Ma è sul ripristino filologico del giardino storico teso a recuperare l’impianto primitivo che si sono appuntate le critiche delle associazioni culturali in difesa del patrimonio, con in testa Giovanni Purpura per il quale l’approccio doveva essere conservativo, e di Giuseppe Barbera, ex assessore all’Ambiente del Comune e professore di colture arboree all’Università di Palermo, che rinvia alla Carta del restauro dei giardini storici del 1981 secondo la quale l’intervento deve «rispettare il complessivo processo storico del giardino (…). Ogni operazione che tendesse a privilegiare una singola fase assunta in un certo periodo storico e a ricrearla ex novo, a spese delle fasi successive, comporterebbe una sottrazione di risorse e risulterebbe riduttiva e decisamente antistorica». Allo stesso documento si appella anche la Miranda laddove consente di eccepire al principio generale qualora «il degrado o il deperimento di alcune parti possano eccezionalmente essere l’occasione per un ripristino fondato su vestigia o su documenti irrecusabili. Potranno essere più in particolare oggetto di un eventuale ripristino le parti del giardino più vicine a un edificio, al fine di farne risaltare la coerenza».

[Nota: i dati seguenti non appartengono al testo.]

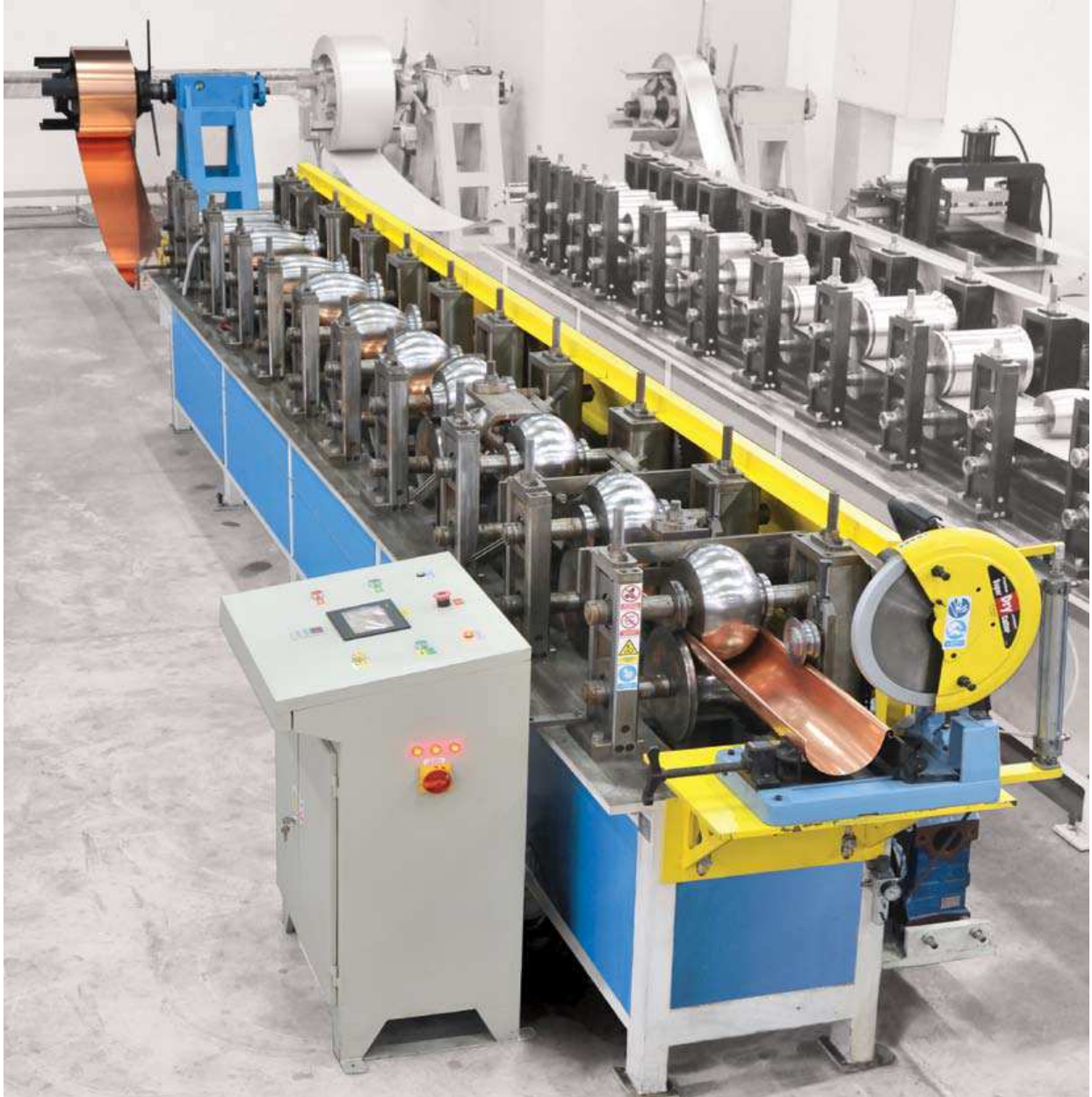
Linija za izradu polukružnog horizontalnog luka HOR 80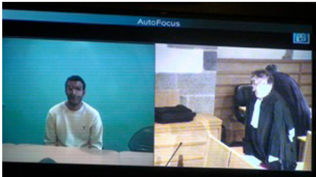
Le président modifie l'angle de vue de la caméra pour montrer l'avocat à l'écran (L8 ; 10).

Il ajuste ensuite l'angle de vue alors qu'il continue d'émettre quelques commentaires (L12-13). Puis il zoome sur l'avocat (L14-16) qui est alors bien visible sur l'écran et reconnaissable par son client.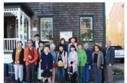
フェアハイブんとボストン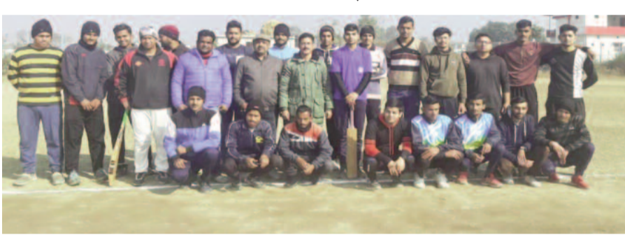
क्रिकेट टूर्नामेंट में प्रतिभाग करने पहुंची टीम।

ऑल राउंडर की टीम ने निर्धारित दस ओवरों में 35 रन पर ऑल आउट करने के बाद तीसरे ओवर में ही लक्ष्य प्राप्त कर ली। दूसरे मुकाबले में एमसीसी मोटाढाक पहले

Ma il punto è proprio questo. Il risultato ottenuto, una distesa di tufina delimitata da un prato ordinato all’inglese, invece che esaltare la coerenza del giardino con il villino, crea un effetto di contrappunto tra il minimalismo del primo e il caleidoscopico divertissement architettonico del secondo, il che non corrisponde però alle intenzioni di Basile, che aveva pensato a un giardino ben più vivace, con serraglio, laghetto, serra per le orchidee, chioschetto siculo-normanno e tempietto neoclassico. Mentre all’interno, i rifacimenti ad identicum sono a un passo dal falso storico in mancanza di una chiara distinzione tra nuovo e originale, non certo favorita dall’assenza di pannelli didattici.
Vi è dunque chi si chiede se le «nuove metodologie di intervento per la riconfigurazione filologica», che hanno fatto del Villino Florio un progetto sperimentale, non siano state piegate al servizio di uno sterile esercizio di ripristino, per aver disatteso il tratto saliente di un organismo in cui, secondo Basile, ogni elemento (dipinti, mobili, tappeti, stoffe parietali, rivestimenti lignei) trovava la propria compiutezza nell’integrazione agli altri.